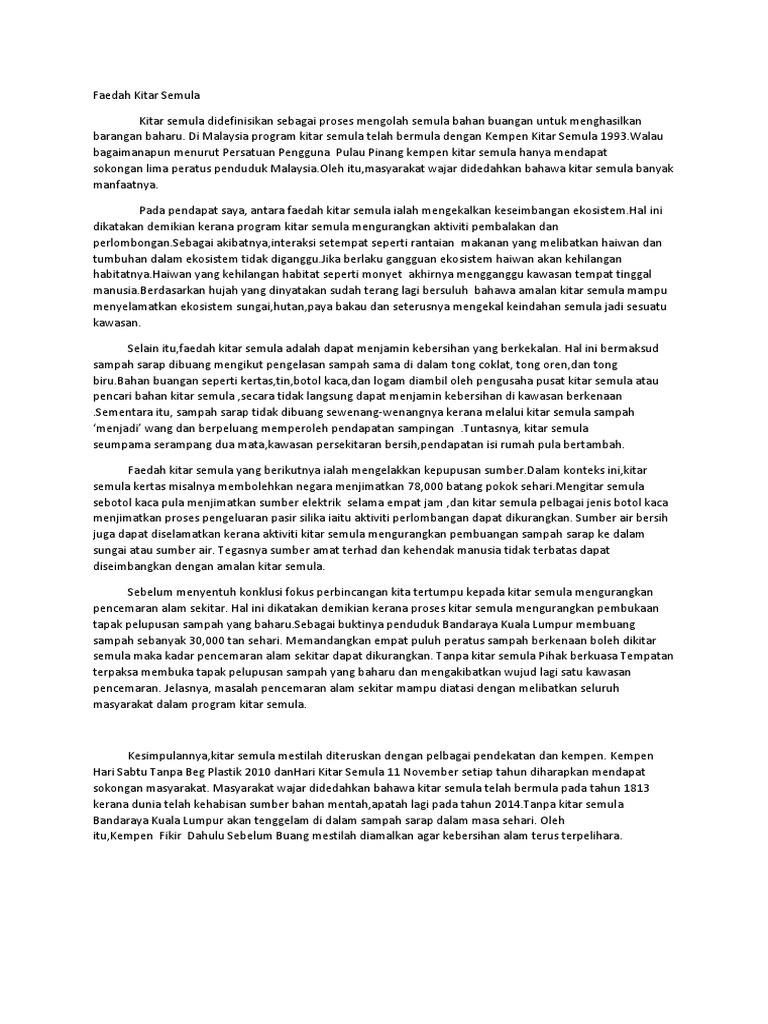 Contoh Karangan Faedah Program Kitar Semula Schoolnjc S Blog
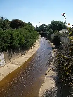 It is a seasonal watercourse with highly varying levels of flow, often swelling in the winter months and prone to flash flooding, though it is not unusual for its flow (and that of its tributaries) to at times stop altogether.
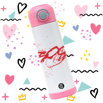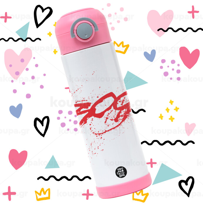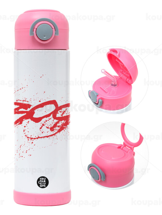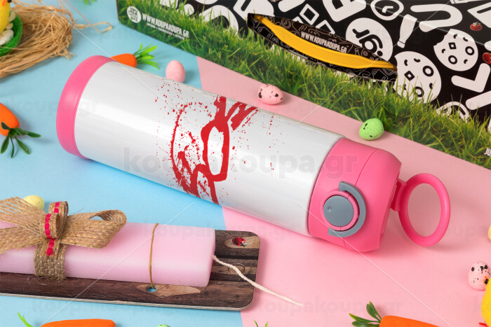 Οι 300 της Σπάρτης, Easter candle, Childrens hot water bottle, stainless steel, with safety straw, PINK (500ml)
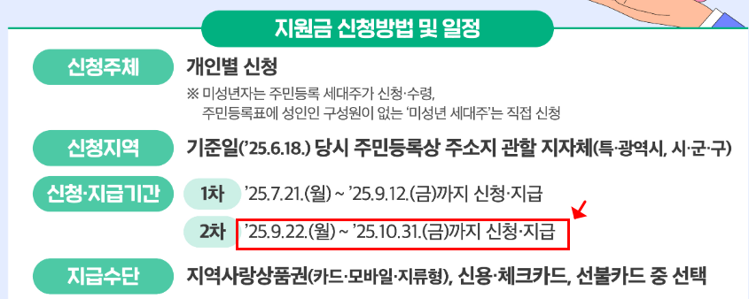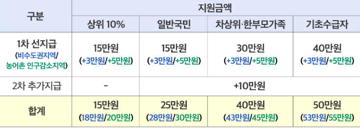 - 농어촌 인구감소지역: 5만원 추가 지급
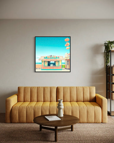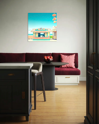 Conseils déco : Cette photo d'art est idéale pour un salon, un bureau ou un espace bar à la maison pour donner une atmosphère cool et détente. Combinez-la avec d’autres photographies de bord de mer ou photos vintage de la Californie pour un mur galerie thématique. Pour un style plus ludique, ajoutez des objets colorés rappelant les vacances : lampes néon, bouées décoratives, petits accessoires en bois flotté.
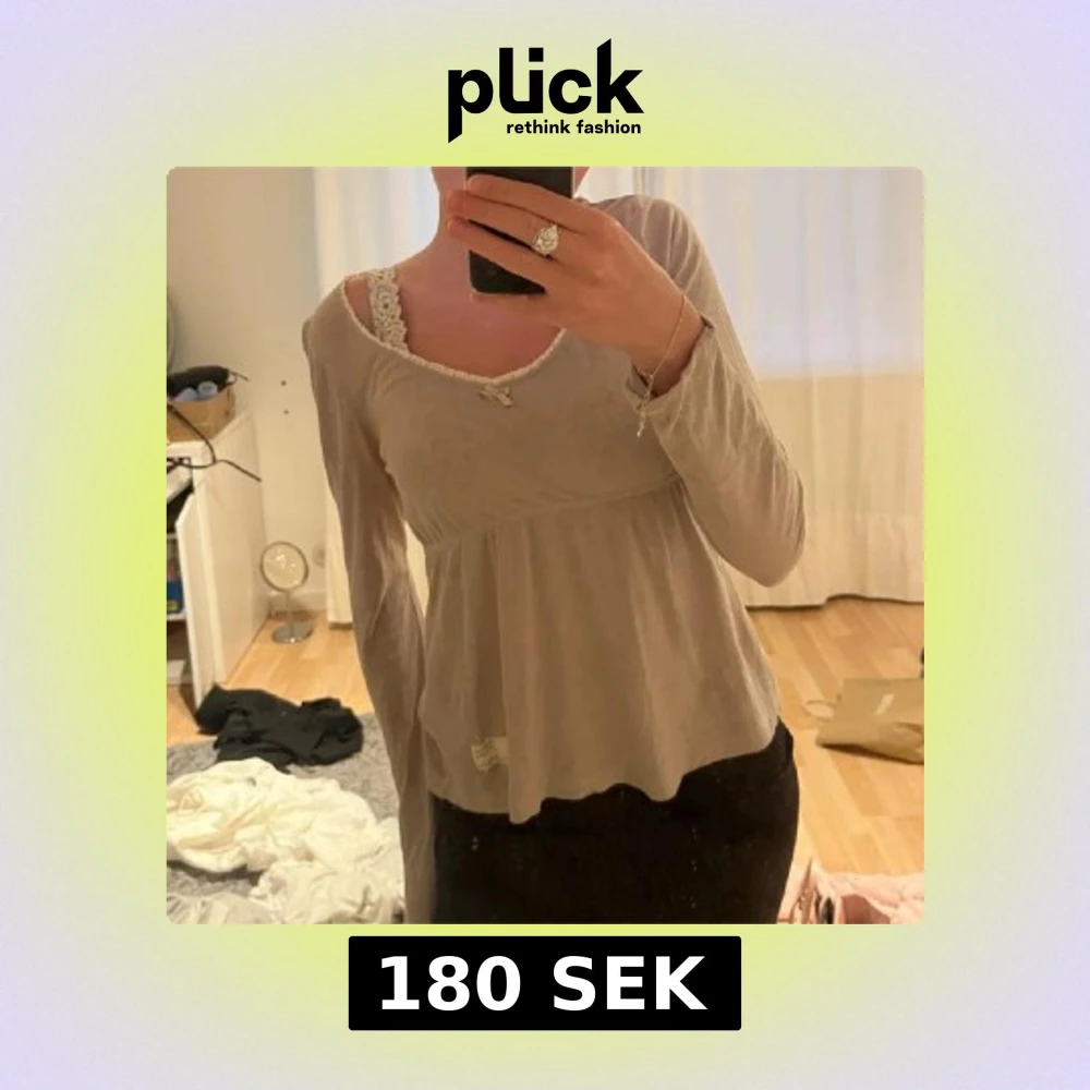 Säljer en söt beige långärmad topp från Odd Molly med spetsdetaljer vid halsringningen och en liten rosett framtill. Köpt på plick! Toppen har en avslappnad passform och ett fint märke på ärmen. Perfekt för en avslappnad stil.
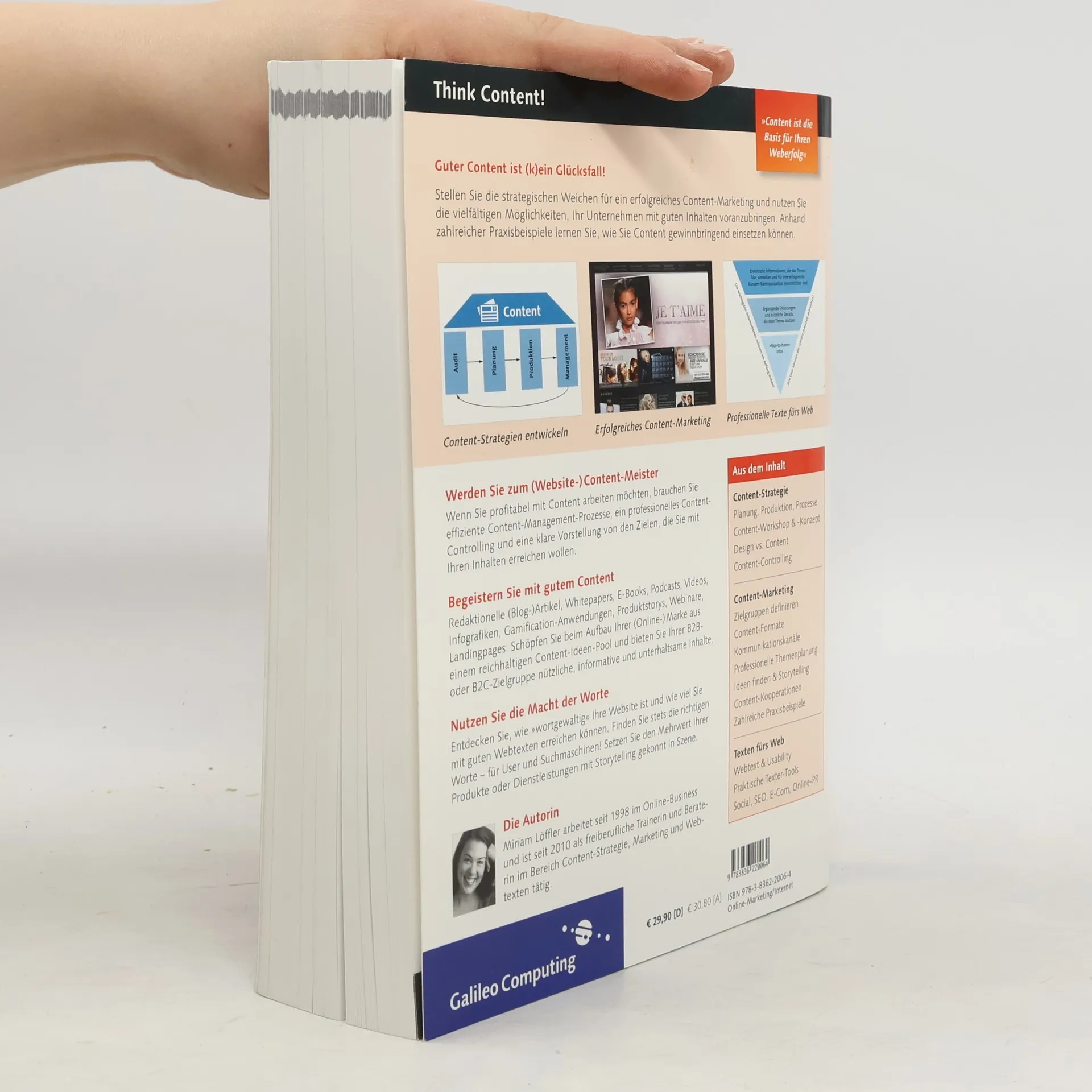 Content-Marketing ist ein zentrales Thema für zukunftsorientierte Online-Marketing-Strategien. Profitieren Sie von der Expertise unserer Autorin und lernen Sie, wie Sie erfolgreiche Content-Strategien für Ihr Online-Unternehmen entwickeln und umsetzen können. Das Buch bietet Ihnen Ideen und Anregungen für effektives Content-Marketing, sowohl für B2B als auch B2C. Es vermittelt das notwendige Rüstzeug, um qualitativ hochwertige Webtexte zu erstellen und zeigt, was ein guter Webtexter leisten muss sowie den wirtschaftlichen Wert guter Texte zu erkennen. Die Autorin beantwortet umfassend alle Fragen rund um Content-Marketing, von der Strategie und Planung bis zur Erstellung und zum Monitoring. Berufseinsteiger erhalten einen schnellen Zugang zur Thematik, während Profis zahlreiche Impulse für ihre Arbeit finden. Der Inhalt umfasst: - Website-Content aus verschiedenen Perspektiven - Unterschiedliche Content-Arten - Zielgruppenrelevante Content-Ideen - Praktische Content-Marketing-Aktionen - Entwicklung der richtigen Content-Strategie - Launch- und Relaunch-Projekte - Gezielter Auf- und Ausbau von Web-Inhalten - Organisation von Content im Tagesgeschäft - Erstellung guter Texte unter Berücksichtigung von Usability und Design - Das Handwerk des Webtextens
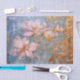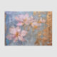 flores rosa bonito sobre un fondo azul con acentos dorados. Este diseño de papel de tejido tiene un aspecto texturado. Utilícelo para proyectos de desacoplamiento, revistas de desecho, collage o envoltura de regalo.
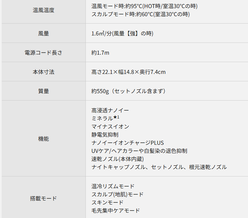 - モード:HOT、温冷リズム、毛先集中ケア、冷風、スカルプ(約60℃)、スキン

● ● ● ●

WHAT TO DO –
The lines wanted are those from the start of the material above through the line with "It is a seasonal", both included; print them exactly and skip any picture.

SOLUTION TO THE EXERCISE –
 Contoh Karangan Faedah Program Kitar Semula Schoolnjc S Blog
 It is a seasonal watercourse with highly varying levels of flow, often swelling in the winter months and prone to flash flooding, though it is not unusual for its flow (and that of its tributaries) to at times stop altogether.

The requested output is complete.